The Jenzabar Foundation recognizes and supports the good works and humanitarian efforts of student leaders serving others across the global community. Recently, through a special $30,000 grant, the Jenzabar Foundation sponsored 10 college scholarships to students who applied for financial support through ThanksUSA. The individuals who received the Jenzabar/ThanksUSA scholarships were expressly recognized for their community service.

"The Jenzabar Foundation is proud to partner with ThanksUSA and provide additional resources to the children and spouses of active duty military who are seeking higher education," said Robert A. Maginn Jr., chairman of the Jenzabar Foundation and CEO and chairman of the Board of Jenzabar, Inc. "We applaud the efforts of ThanksUSA and the efforts of their scholarship recipients in supporting the present and future of our country."

This past Thanksgiving, ThanksUSA unveiled Treasure Hunt Four, which was sponsored by the ESA Foundation, as part of a new three-year partnership that aims to increase the number of scholarships available to military families. Treasure Hunt Four features more than 300 questions on a variety of states plus branches of the U.S. armed forces. Once the game ends on August 15, 2009, ThanksUSA will award prizes, including laptops and gift certificates, to the winner of each game "chapter." Contestants may access the game on ThanksUSA's Web site.

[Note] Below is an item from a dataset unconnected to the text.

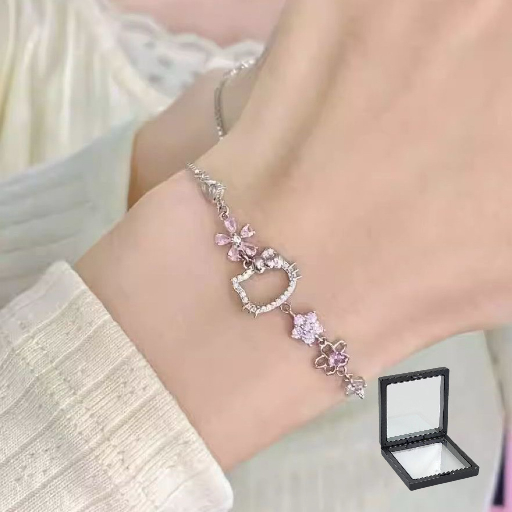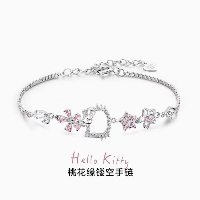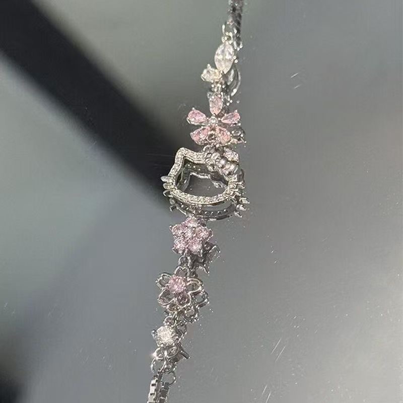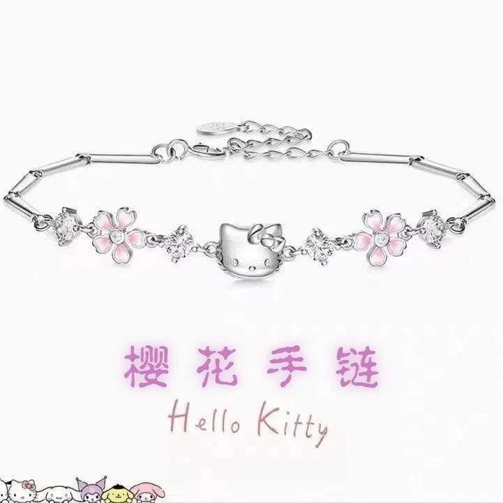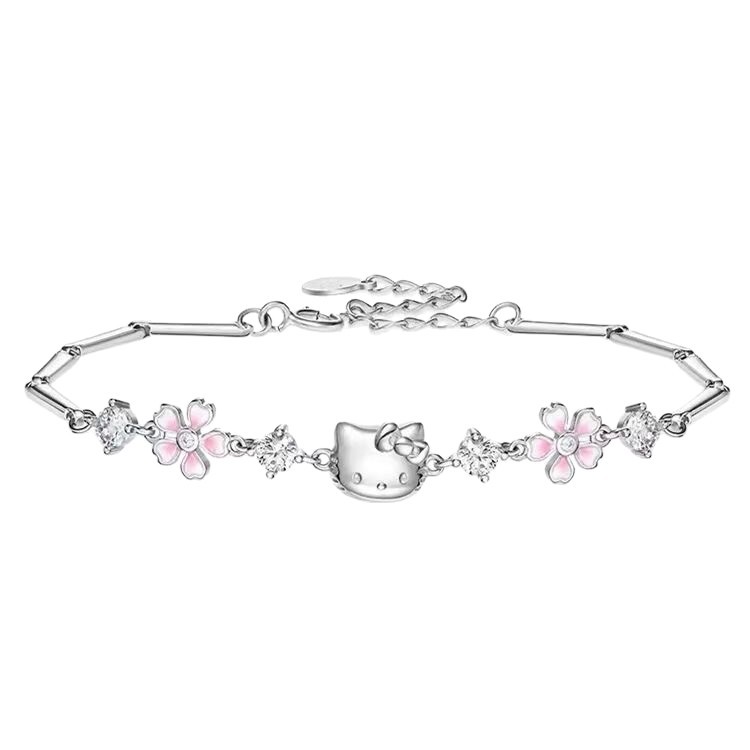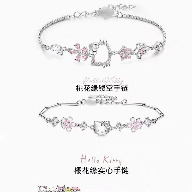 可爱三丽鸥hellokitty粉钻樱花手链女轻奢高颜值小众设计饰品批发

ThanksUSA also welcomed Harry Martin, Jr., president and chief executive officer of defense-related IT company Intelligent Decisions -- the premier sponsor of ThanksUSA's charity golf tournament last spring -- to their board of directors in 2008.

"With continued financial support from corporations, foundations and individuals such as Blavatnik Charitable Foundation, KPMG, The Pershing Square Foundation and others, we plan to award 500 scholarships at $3,000 each for a total of $1.5 million this year," said Michele Stork, executive director of ThanksUSA. "We encourage people across America to continue to invest in the families who have done so much for our country by donating to the Scholarship Program."

These need-based scholarships will be awarded on a competitive basis to the spouses and children of active-duty military personnel who plan to pursue a post-secondary education, including vocational and technical training. Recipients will be selected on the basis of financial need, demonstrated leadership, and participation in school and community activities.